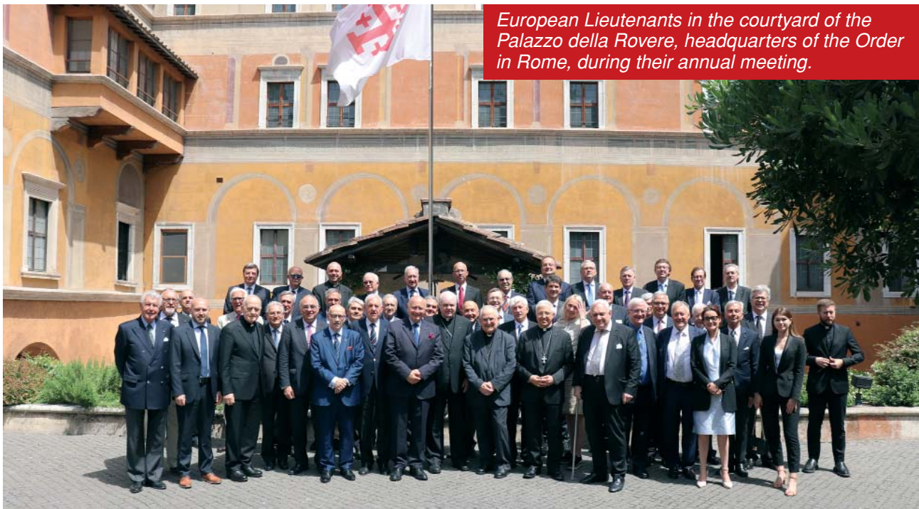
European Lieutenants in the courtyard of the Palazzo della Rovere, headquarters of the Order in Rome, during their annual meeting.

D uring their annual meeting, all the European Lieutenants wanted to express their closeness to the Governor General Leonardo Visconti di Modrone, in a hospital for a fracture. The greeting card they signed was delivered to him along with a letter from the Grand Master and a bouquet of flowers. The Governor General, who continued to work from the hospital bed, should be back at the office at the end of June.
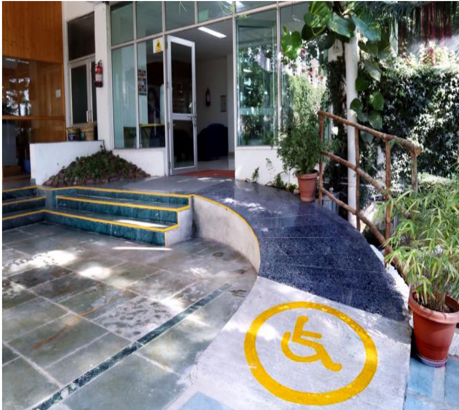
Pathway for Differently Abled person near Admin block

== == ==

### WORK ITEM:
The output consists of exactly the lines from the one containing "D uring their" through the last line of the listing, both included, with no pictures.

### PROBLEM SOLUTION:
D uring their annual meeting, all the European Lieutenants wanted to express their closeness to the Governor General Leonardo Visconti di Modrone, in a hospital for a fracture. The greeting card they signed was delivered to him along with a letter from the Grand Master and a bouquet of flowers. The Governor General, who continued to work from the hospital bed, should be back at the office at the end of June.
Pathway for Differently Abled person near Admin block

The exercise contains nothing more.